» **Data section**

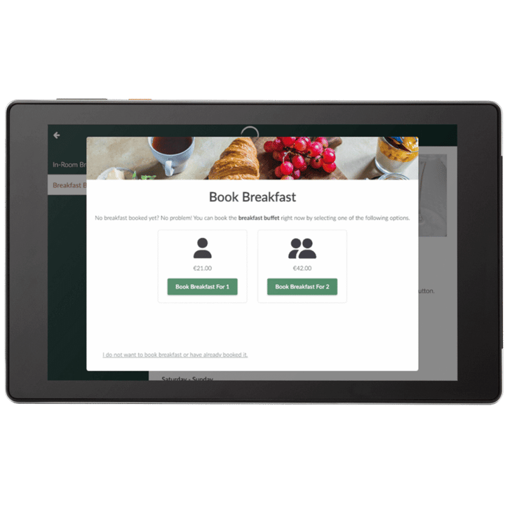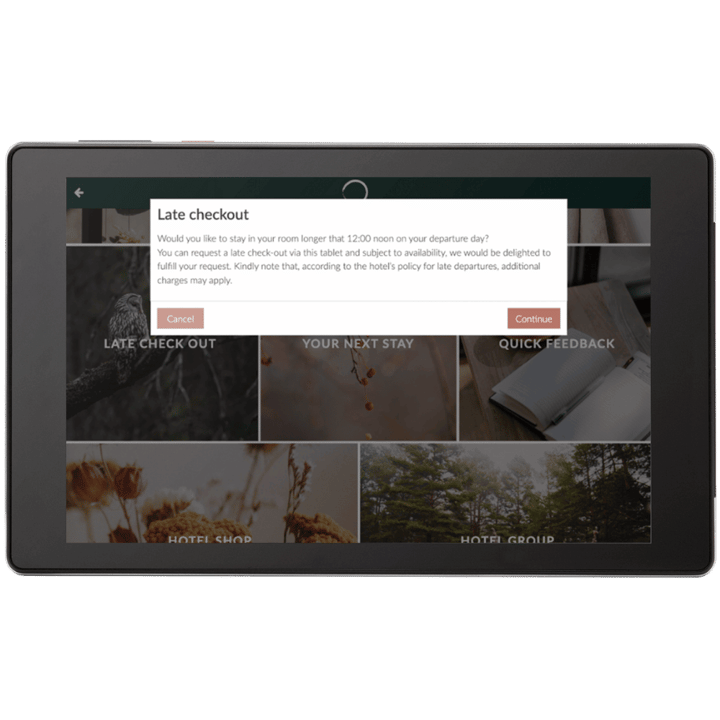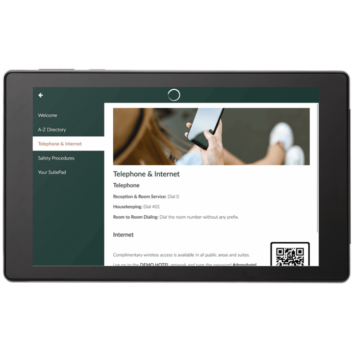 Guest directory, booking tool, hotel phone, and remote control all in one.
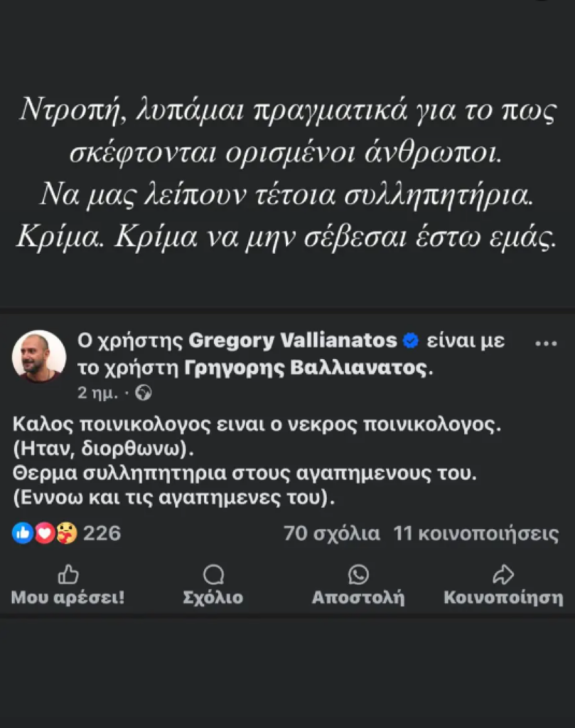 Μετά τις έντονες αντιδράσεις που προκάλεσε η ανάρτησή του για τον Αλέξη Κούγια, καθώς και το δημόσιο ξέσπασμα του γιου του γνωστού ποινικολόγου που έφυγε από τη ζωή, ο Γρηγόρης Βαλλιανάτος επανήλθε με νέα δημοσίευση.
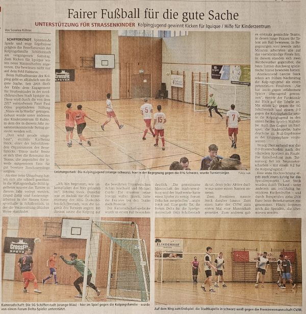 Die Fußballer der Kolpingsfamilie Schifferstadt laden zu ihrem traditionellen Benefiz- Fußballturnier „Kicken für Iquique“ in die Neue Kreissporthalle ein (ab 10:00 Uhr).
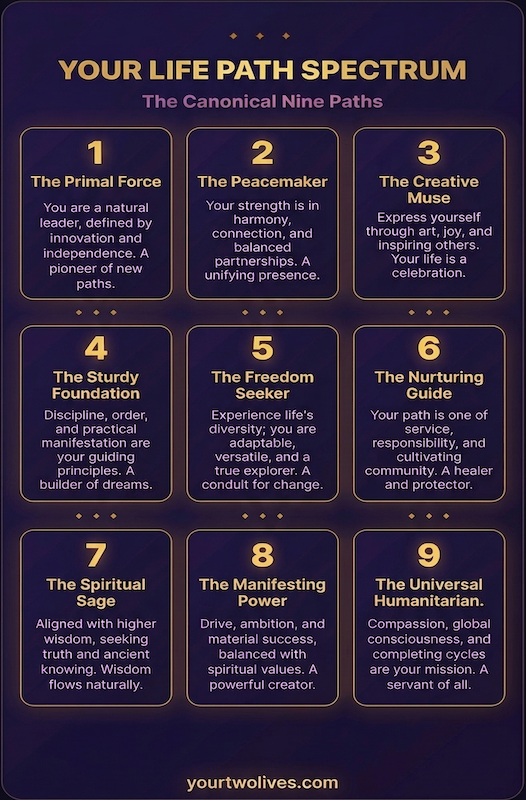 There are nine canonical Life Path Numbers, each representing a distinct archetypal journey. You are one of these. Understanding yours is the first step to understanding why you're here.

» **Task to carry out**
From the line containing "Μετά τις έντονες" down to the final line of the material, restate every line word for word, and only those; drop the pictures.

» **Written response**
 Μετά τις έντονες αντιδράσεις που προκάλεσε η ανάρτησή του για τον Αλέξη Κούγια, καθώς και το δημόσιο ξέσπασμα του γιου του γνωστού ποινικολόγου που έφυγε από τη ζωή, ο Γρηγόρης Βαλλιανάτος επανήλθε με νέα δημοσίευση.
 Die Fußballer der Kolpingsfamilie Schifferstadt laden zu ihrem traditionellen Benefiz- Fußballturnier „Kicken für Iquique“ in die Neue Kreissporthalle ein (ab 10:00 Uhr).
 There are nine canonical Life Path Numbers, each representing a distinct archetypal journey. You are one of these. Understanding yours is the first step to understanding why you're here.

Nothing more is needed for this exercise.